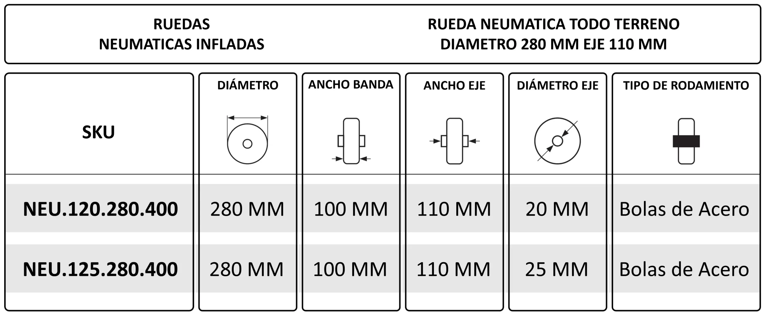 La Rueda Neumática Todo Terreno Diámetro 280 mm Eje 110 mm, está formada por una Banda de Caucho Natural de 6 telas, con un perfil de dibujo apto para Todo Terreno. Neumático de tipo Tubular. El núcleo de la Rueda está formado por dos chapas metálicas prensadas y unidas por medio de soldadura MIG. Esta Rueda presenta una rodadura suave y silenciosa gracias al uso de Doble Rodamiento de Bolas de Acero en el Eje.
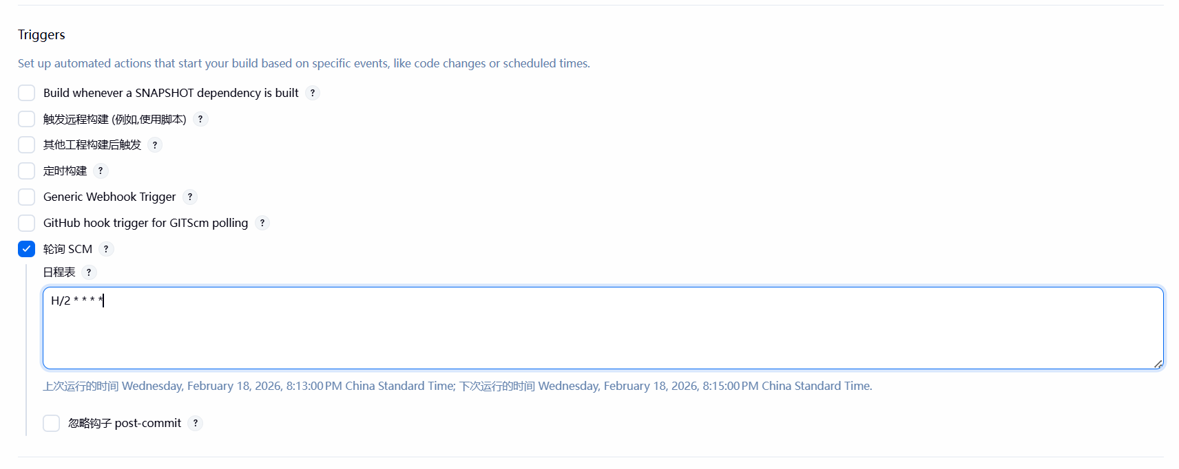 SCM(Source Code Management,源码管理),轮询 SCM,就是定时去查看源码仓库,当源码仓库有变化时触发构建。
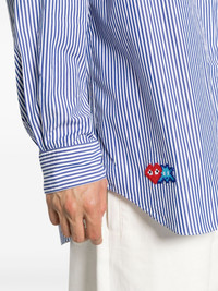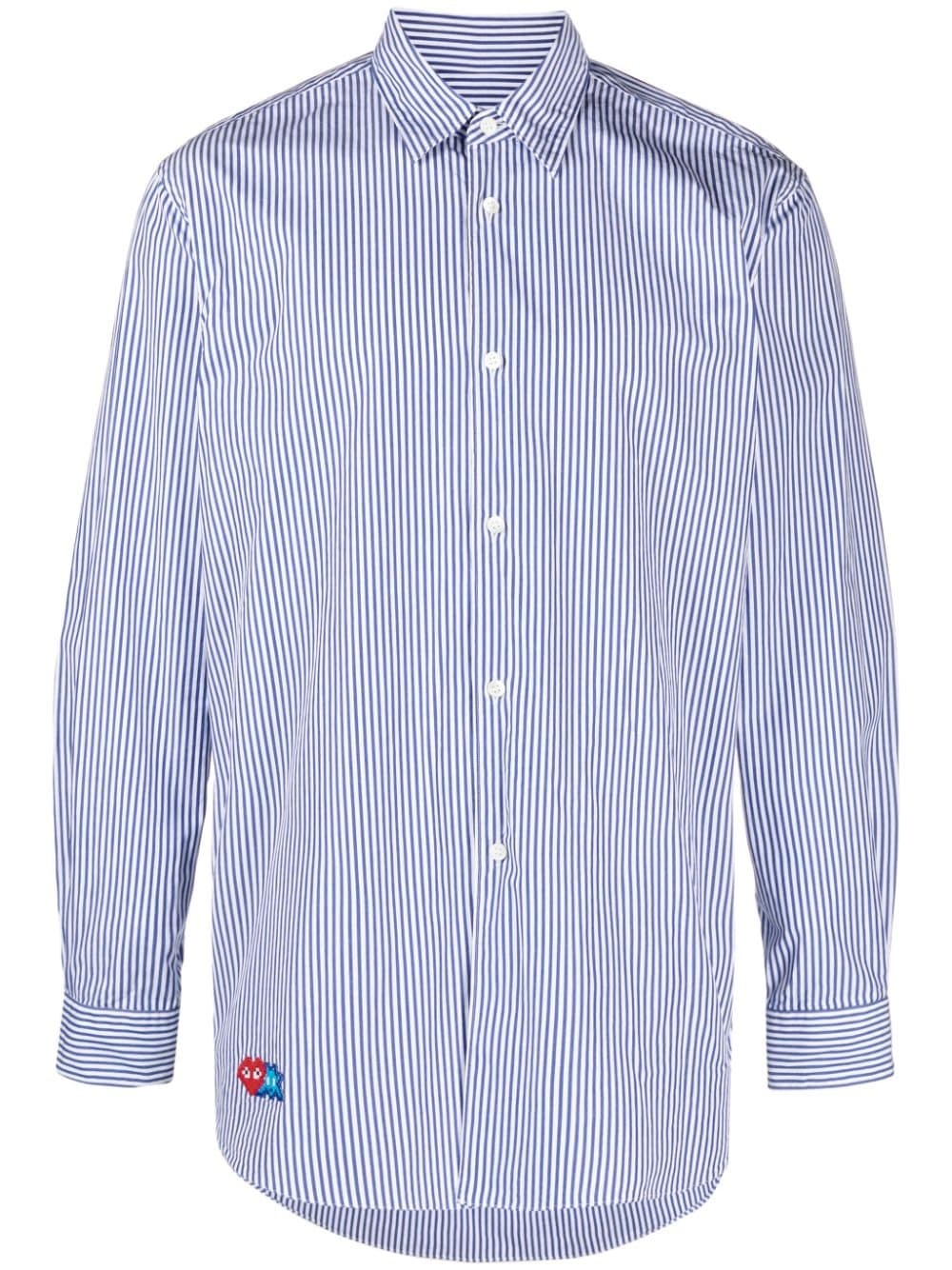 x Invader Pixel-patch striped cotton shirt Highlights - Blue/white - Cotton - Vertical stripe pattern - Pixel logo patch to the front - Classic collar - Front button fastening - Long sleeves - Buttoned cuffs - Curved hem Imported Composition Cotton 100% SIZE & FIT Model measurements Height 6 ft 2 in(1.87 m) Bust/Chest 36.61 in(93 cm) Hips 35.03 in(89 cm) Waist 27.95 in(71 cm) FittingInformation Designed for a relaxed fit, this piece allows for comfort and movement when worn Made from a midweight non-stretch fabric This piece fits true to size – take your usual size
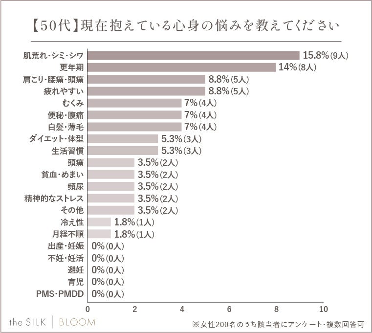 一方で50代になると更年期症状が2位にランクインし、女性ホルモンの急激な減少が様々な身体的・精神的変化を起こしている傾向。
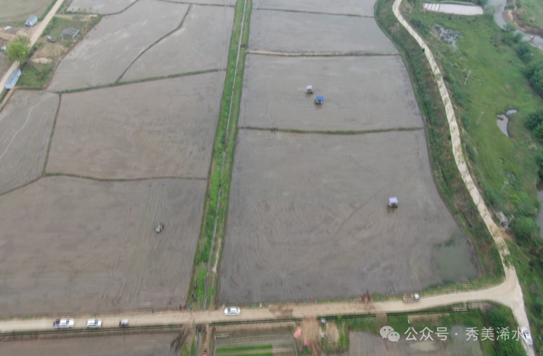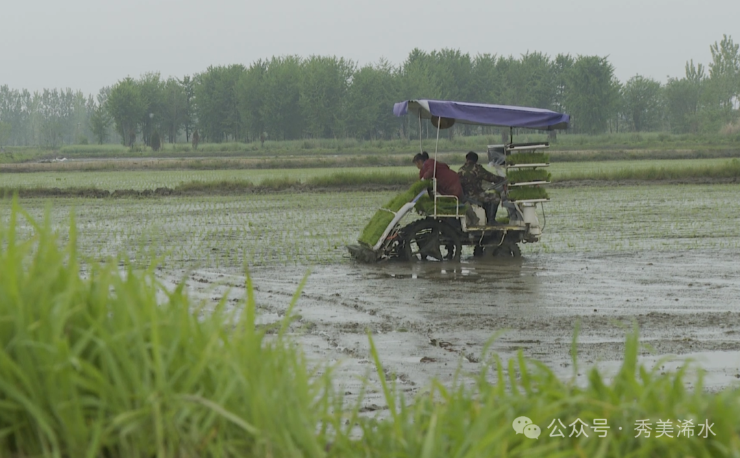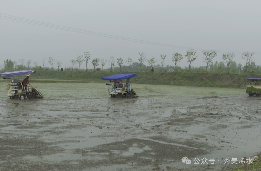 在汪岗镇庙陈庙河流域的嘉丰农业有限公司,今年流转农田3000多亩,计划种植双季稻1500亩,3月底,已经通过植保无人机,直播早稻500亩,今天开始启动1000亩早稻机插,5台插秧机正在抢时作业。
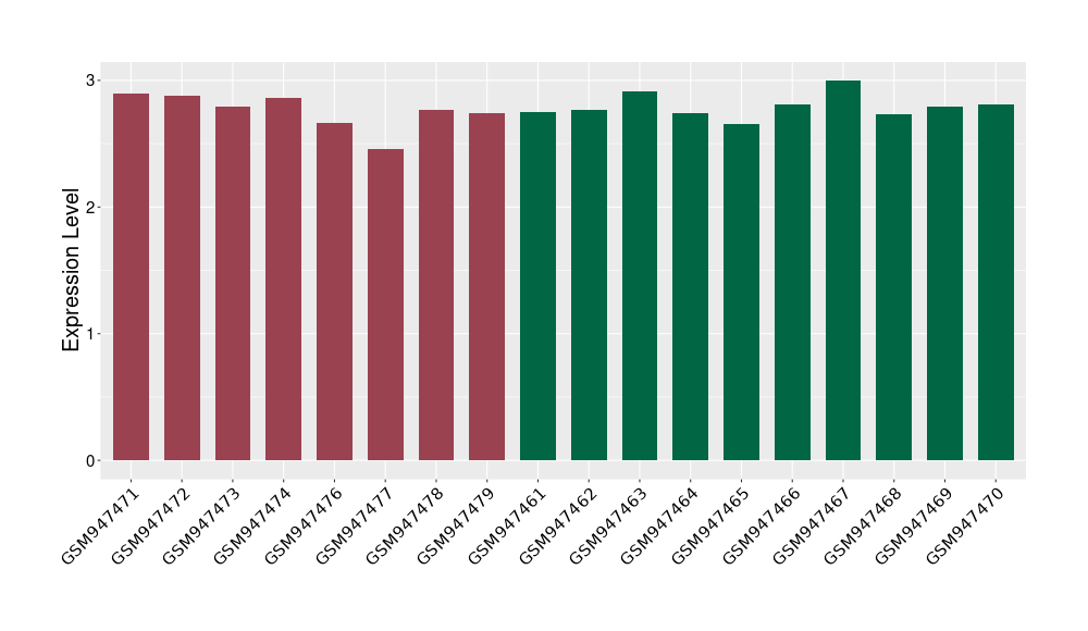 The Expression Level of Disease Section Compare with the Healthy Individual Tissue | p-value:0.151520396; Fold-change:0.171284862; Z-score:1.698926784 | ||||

━━━━━━━━━━━━━━━━

▶ [ABOUT THIS EXERCISE]: Where a picture appears, skip it and copy the rest of the data word for word.

▶ [TASK SOLUTION]:
 La Rueda Neumática Todo Terreno Diámetro 280 mm Eje 110 mm, está formada por una Banda de Caucho Natural de 6 telas, con un perfil de dibujo apto para Todo Terreno. Neumático de tipo Tubular. El núcleo de la Rueda está formado por dos chapas metálicas prensadas y unidas por medio de soldadura MIG. Esta Rueda presenta una rodadura suave y silenciosa gracias al uso de Doble Rodamiento de Bolas de Acero en el Eje.
 SCM(Source Code Management,源码管理),轮询 SCM,就是定时去查看源码仓库,当源码仓库有变化时触发构建。
 x Invader Pixel-patch striped cotton shirt Highlights - Blue/white - Cotton - Vertical stripe pattern - Pixel logo patch to the front - Classic collar - Front button fastening - Long sleeves - Buttoned cuffs - Curved hem Imported Composition Cotton 100% SIZE & FIT Model measurements Height 6 ft 2 in(1.87 m) Bust/Chest 36.61 in(93 cm) Hips 35.03 in(89 cm) Waist 27.95 in(71 cm) FittingInformation Designed for a relaxed fit, this piece allows for comfort and movement when worn Made from a midweight non-stretch fabric This piece fits true to size – take your usual size
 一方で50代になると更年期症状が2位にランクインし、女性ホルモンの急激な減少が様々な身体的・精神的変化を起こしている傾向。
 在汪岗镇庙陈庙河流域的嘉丰农业有限公司,今年流转农田3000多亩,计划种植双季稻1500亩,3月底,已经通过植保无人机,直播早稻500亩,今天开始启动1000亩早稻机插,5台插秧机正在抢时作业。
 The Expression Level of Disease Section Compare with the Healthy Individual Tissue | p-value:0.151520396; Fold-change:0.171284862; Z-score:1.698926784 | ||||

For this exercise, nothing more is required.